Above, we created an NVTabular Dataset object using our input dataset. Then, we calculate statistics for this workflow on the input dataset, i.e. on our training set, using the workflow.fit() method so that our Workflow can use these stats to transform any given input.

6. Exporting data

We export dataset to parquet partitioned by the session day_index column.

# define partition column
PARTITION_COL = 'day_index'

# define output_folder to store the partitioned parquet files
OUTPUT_FOLDER = os.environ.get("OUTPUT_FOLDER", INPUT_DATA_DIR + "sessions_by_day")
!mkdir -p $OUTPUT_FOLDER

In this section we are going to create a folder structure as shown below. As we explained above, this is just to structure parquet files so that it would be easier to do incremental training and evaluation.

/sessions_by_day/
|-- 1
|   |-- train.parquet
|   |-- valid.parquet
|   |-- test.parquet

|-- 2
|   |-- train.parquet
|   |-- valid.parquet
|   |-- test.parquet

gpu_preprocessing function converts the process df to a Dataset object and write out hive-partitioned data to disk.

# read in the processed train dataset
sessions_gdf = cudf.read_parquet(os.path.join(INPUT_DATA_DIR, "processed_nvt/part_0.parquet"))

Let’s print the head of our preprocessed dataset. You can notice that now each example (row) is a session and the sequential features with respect to user interactions were converted to lists with matching length.

print(sessions_gdf.head(2))

   user_session  product_id-count  \
0             1               779   
1             6               316   

                                     product_id-list  \
0  [7171, 13290, 19757, 20401, 19757, 20401, 2122...   
1  [4093, 3427, 20536, 27530, 11262, 18532, 33985...   

                                  category_code-list  \
0  [1, 1, 1, 1, 1, 1, 1, 1, 1, 1, 1, 1, 1, 1, 1, ...   
1  [17, 17, 1, 1, 1, 1, 1, 2, 2, 2, 2, 2, 2, 2, 2...   

                                          brand-list  \
0  [34, 231, 239, 34, 239, 34, 120, 120, 249, 231...   
1  [50, 1, 36, 1, 1, 1, 1, 3, 2, 2, 2, 2, 2, 2, 1...   

                                    category_id-list  \
0  [3, 3, 3, 3, 3, 3, 3, 3, 3, 3, 3, 3, 3, 3, 3, ...   
1  [36, 36, 163, 163, 163, 163, 163, 2, 2, 2, 2, ...   

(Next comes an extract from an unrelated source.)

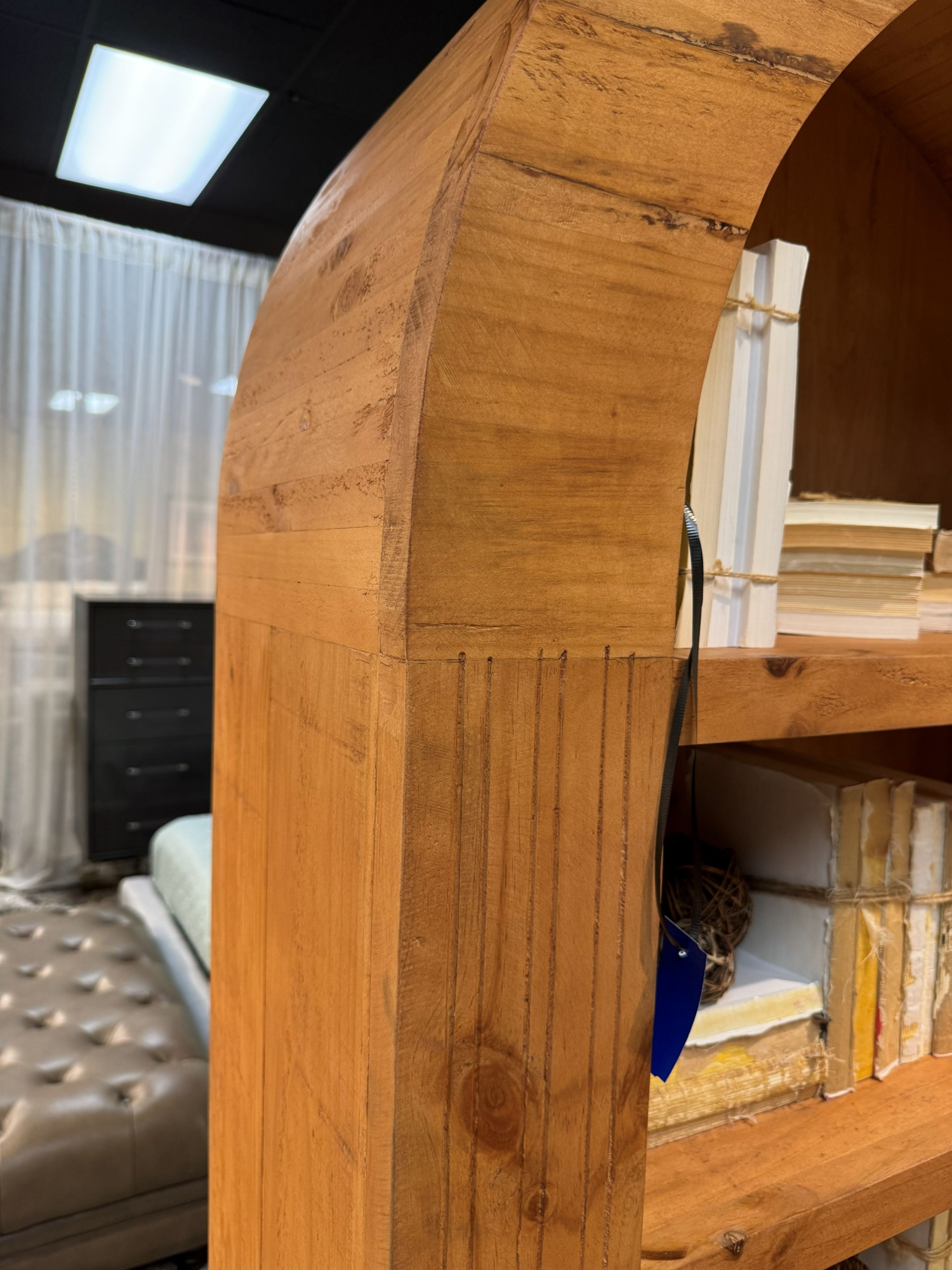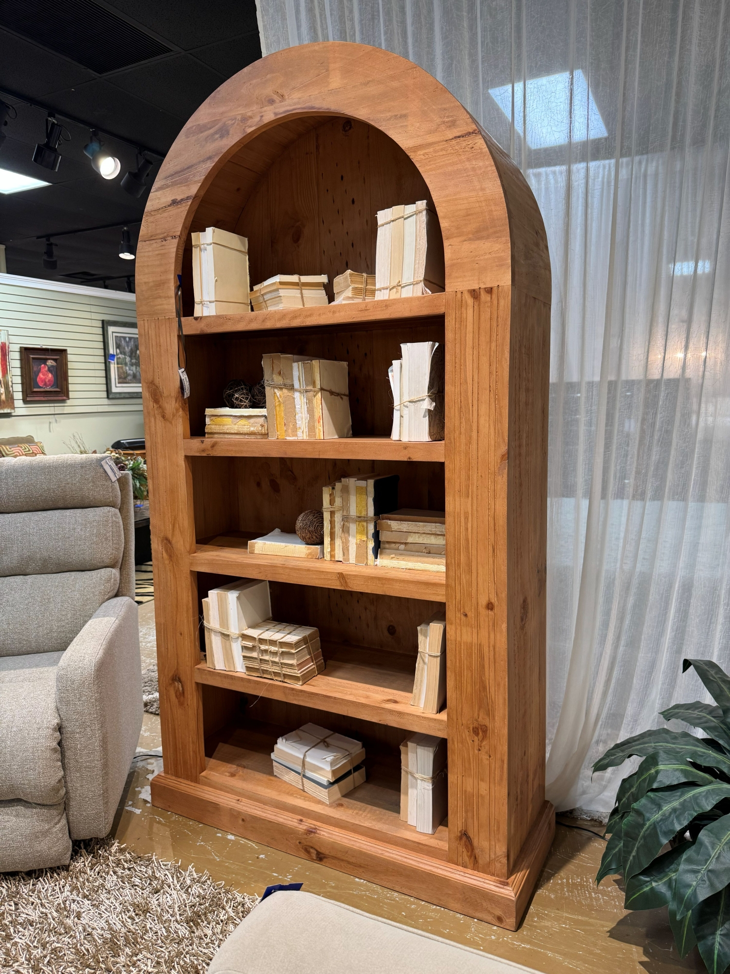 Medina rustic arched wood bookcase in a warm honey finish. There are four shelves. 46"wide x 16"deep x 82"high.

                               et_dayofweek_sin-list  \
0  [0.7818321, 0.7818321, 0.7818321, 0.7818321, 0...   
1  [0.43388295, 0.43388295, 0.43388295, 0.4338829...   

                               et_dayofweek_cos-list  \
0  [0.6234891, 0.6234891, 0.6234891, 0.6234891, 0...   
1  [-0.90096927, -0.90096927, -0.90096927, -0.900...   

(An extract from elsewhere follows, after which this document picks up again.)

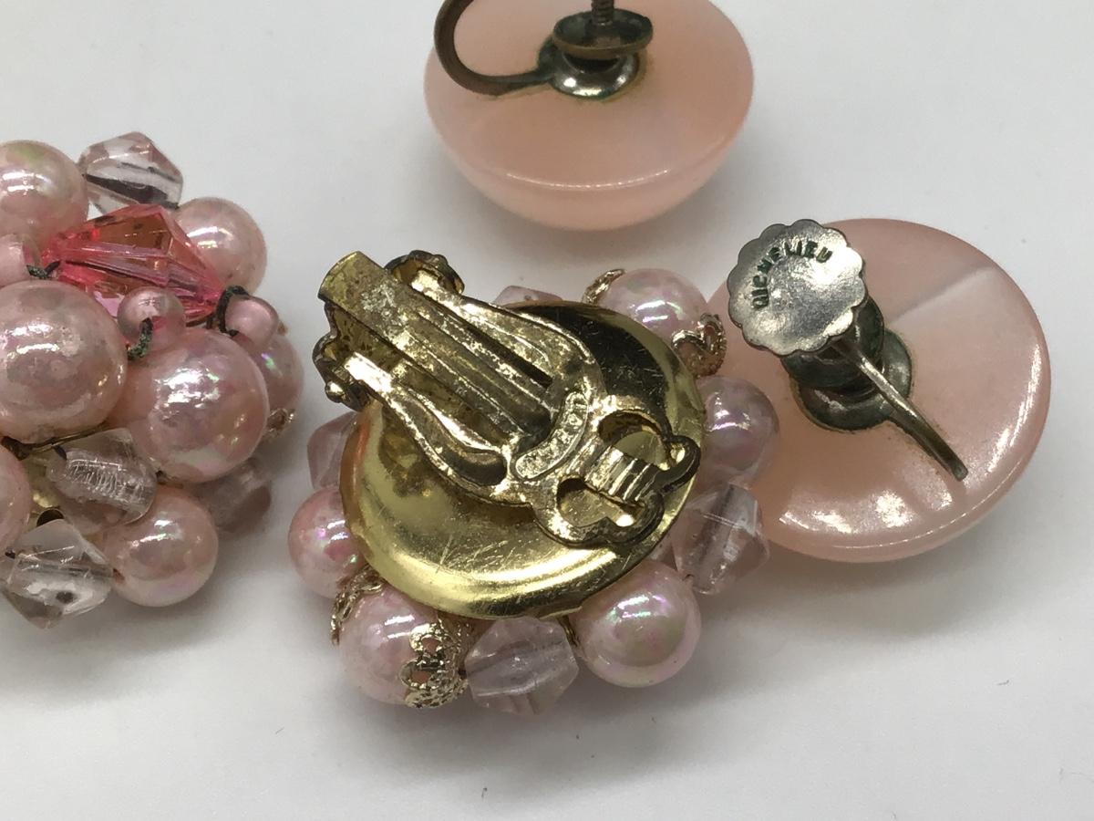 Vintage Richelieu Signed Earrings Screw back 1950 Pastel Dots Pink And Japan set

                                 price_log_norm-list  \
0  [-0.543168, -0.5673179, -0.578279, -0.62369585...   
1  [0.23708352, 0.24015874, -0.80294055, -0.66287...   

                 relative_price_to_avg_categ_id-list  \
0  [0.12176345592788261, 0.08783709744899952, 0.0...   
1  [-0.23209574328358615, -0.22911214248041414, -...   

                  product_recency_days_log_norm-list  day_index  
0  [1.1603423, 1.1818986, 1.0499662, 1.0900966, 1...          1  
1  [-0.7081338, -0.69109577, -0.73886937, -0.7074...          2  

from transformers4rec.utils.data_utils import save_time_based_splits
save_time_based_splits(data=nvt.Dataset(sessions_gdf),
                       output_dir= OUTPUT_FOLDER,
                       partition_col=PARTITION_COL,
                       timestamp_col='user_session', 
                      )

Creating time-based splits: 100%|███████████████████████████████████████████████████████████████████████████████████████████████████████████████████████████████████████████████████████████████████████| 7/7 [00:02<00:00,  2.75it/s]

# check out the OUTPUT_FOLDER
!ls $OUTPUT_FOLDER

1  2  3  4  5  6  7

Save NVTabular workflow to load at the inference step.

You can uncomment the cell below and execute it to see the output schema generated from nvtabular workflow.

workflow_path = os.path.join(INPUT_DATA_DIR, 'workflow_etl')
workflow.save(workflow_path)

7. Wrap Up

That’s it! We finished our first task. We reprocessed our dataset and created new features to train a session-based recommendation model. Please shut down the kernel before moving on to the next notebook.